Ultra-hydrating hair masks help to nourish, moisturize, strengthen, and protect hair. “Invest in a hydrating hair mask that you can supplement in lieu of your daily conditioner,” says Graciano. She recommends using a mask no more than once a week to help your hair develop a healthier, shinier, and softer texture.

Wet your hair before swimming

If you’re planning on taking a dip in the pool, Sully reminds us to try wetting the hair first so that it’s already saturated before getting in. This way, it isn’t able to absorb the chlorinated water. Not only does chlorine lead to dry hair, but it also affects hair color.

Use hot oil treatments

In general, hot oil treatments are great for your hair, but you’ll definitely want to check them out if you’re dealing with dry hair. Hot oil treatments not only reduce dryness of both the scalp and hair, but they increase hair strength, reduce frizz, and prevent split ends.

Image by Michelle Nash

Ditch shampoos with sulfates

Sulfates can potentially damage the hair, stripping it of its natural moisture and proteins, causing irritated, itchy skin and dryness. Luckily, most brands have sulfate-free options these days. On the topic of shampoo, Graciano also encourages opting for a protein-free shampoo. “Protein is selfish and thrives to strengthen your inner hair strands but it only works well after it eliminates hydration and moisture,” she notes.

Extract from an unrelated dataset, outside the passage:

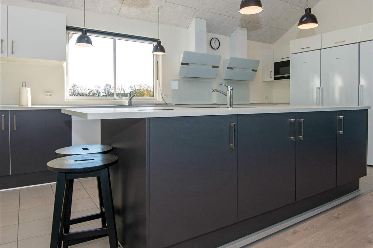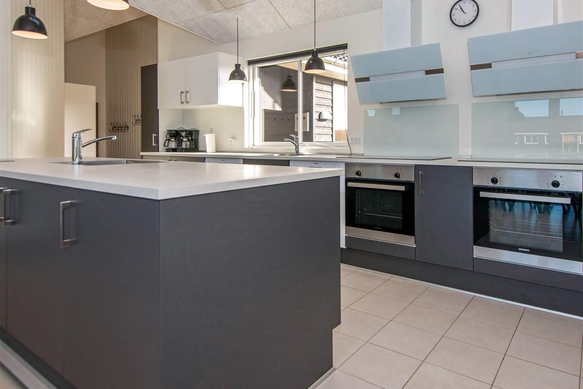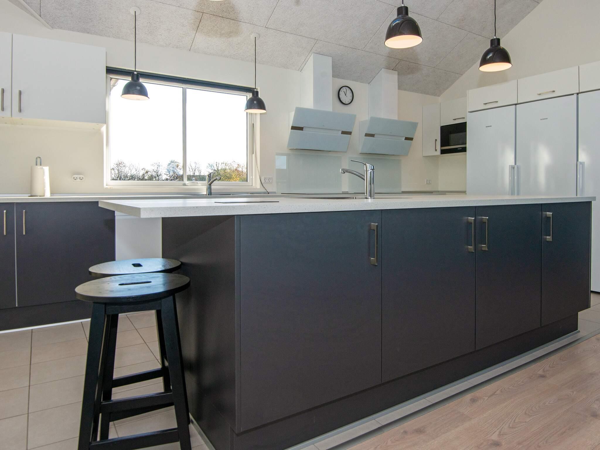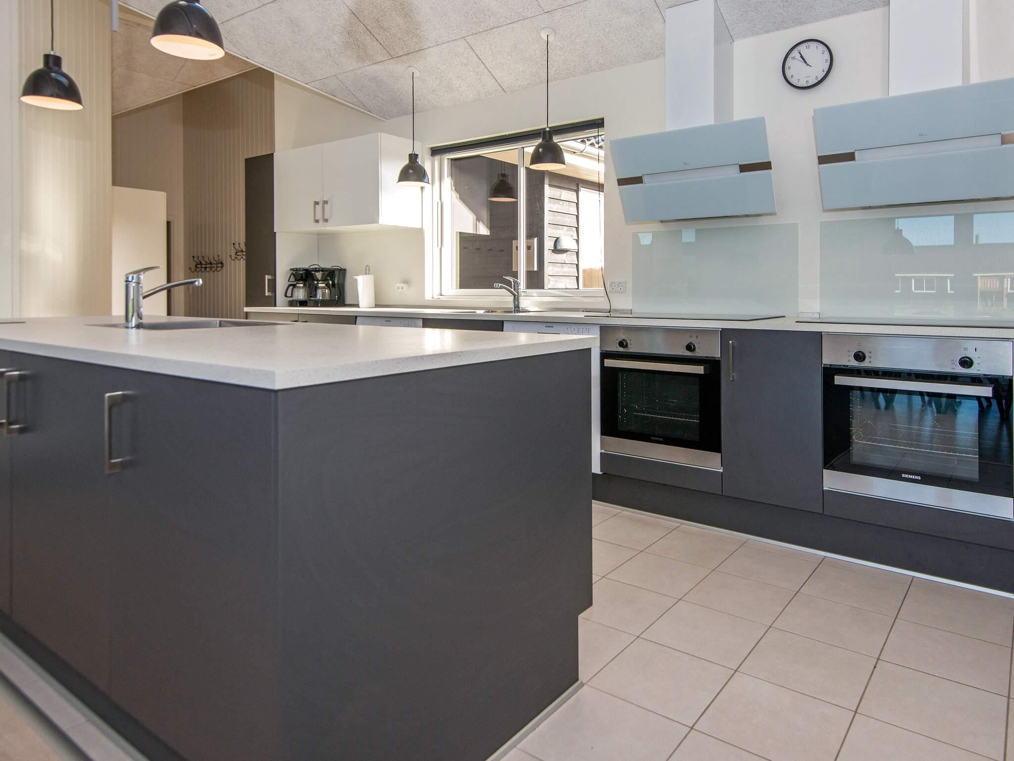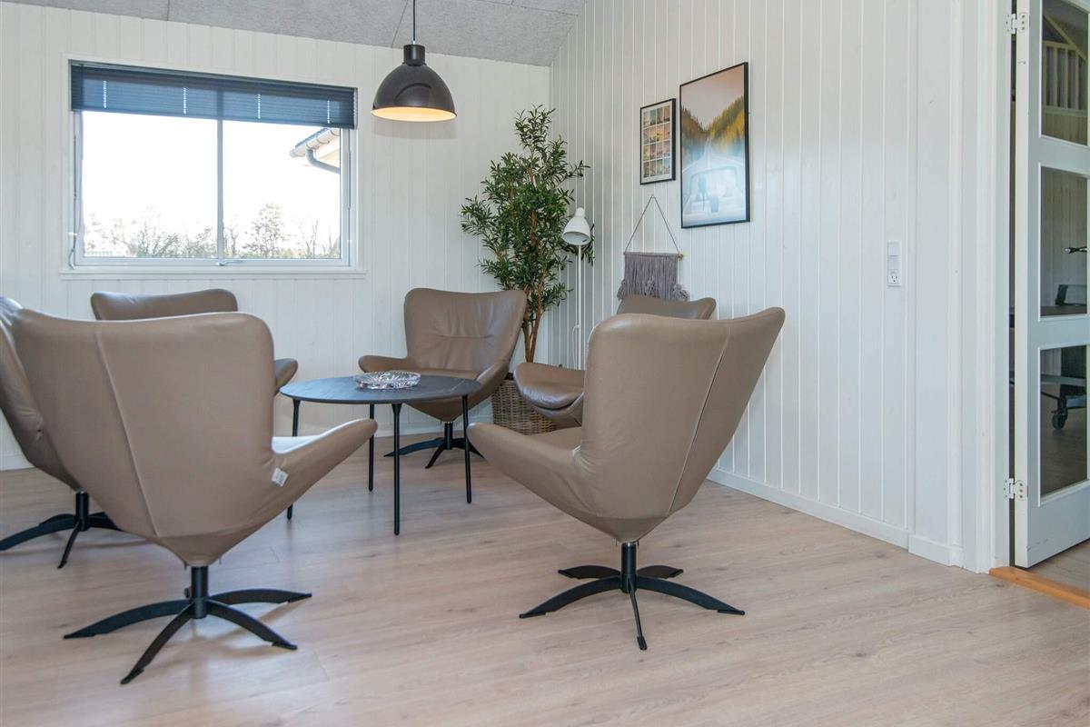 Für das Familienleben gibt es neben dem Aktivitätsraum einen geräumigen Küchen-/Aufenthaltsbereich mit Ess- und Sitzecke. Beide Räume sind mit Sitzgelegenheiten mit TV eingerichtet, in denen man es sich gemütlich machen kann. Im Aktivitätsraum gibt es eine Bartheke mit Kühlschrank für gesellige Abende, im Wohnbereich einen gemütlichen Holzofen für die kühlere Jahreszeit. Die Einrichtung ist hell und wohnlich gestaltet, inklusive modernem Mobiliar.

Avoid products with alcohol

Those with curly tresses especially want to keep away from drying alcohols like isopropyl and ethyl alcohol, warns Kayganich. They can actually cause changes in your curl patterns.

Wear a Hat

An easy, but effective tip. If you’re already wearing one as a part of your skin’s suncare routine, then this is a win-win. Graciano loves incorporating hats into her hair-protecting wardrobe to keep strands hydrated and fresh. “While hair products can provide UV protection, it is even better to add the accessory of a hat adding a layer of protection.”

Image by Claire Huntsberger

Don’t over-process hair

Invest in a great stylist if you want to go lighter or dye your hair—it’s worth it to go to a professional who won’t over-process and damage your hair. Graciano adds a word of caution: go easy on the hair lightening. “For those persistent to get blonde, take it slow and through a few appointments rather than an 8 hr+ appointment in one day.” She notes that the chemicals used in these treatments dehydrate hair, creating an “escape route for your hair’s moisture.”

Avoid heat styling

We all know that excess heat styling dries your hair out, but if you can’t get around it, Kayganich recommends investing in a good hairdryer and heat protectant.

wet hair thoroughly before adding styling product

If you’re rocking waves, curls, or coils, Kayganich recommends making sure that the hair is saturated with water before you begin adding styling products. In her opinion, water is the best thing you can add to curly and wavy hair since it’s where they get their moisture.

Image by Teal Thomsen

Avoid silicones

Kayganich explains that since silicones aren’t water-soluble, they merely create the illusion of shiny, healthy hair. They actually coat the hair and have to be removed with sulfates, which, you guessed it, dries out hair.

Cut back on washes

By now we know that most people (regardless of hair type) should not be washing their hair every day. Kayganich stresses that those who struggle with dry hair should really only wash it once a week, twice max. Sully suggests rinsing the hair or co-washing in between your wash days for a refresh that won’t strip your hair of its natural oils.

Add a Leave-In Conditioner To Your Routine

“These products are true heroes in balancing your hair’s pH and ensuring you have a light protective cast of hydration penetrating your strands throughout the day,” says Graciano.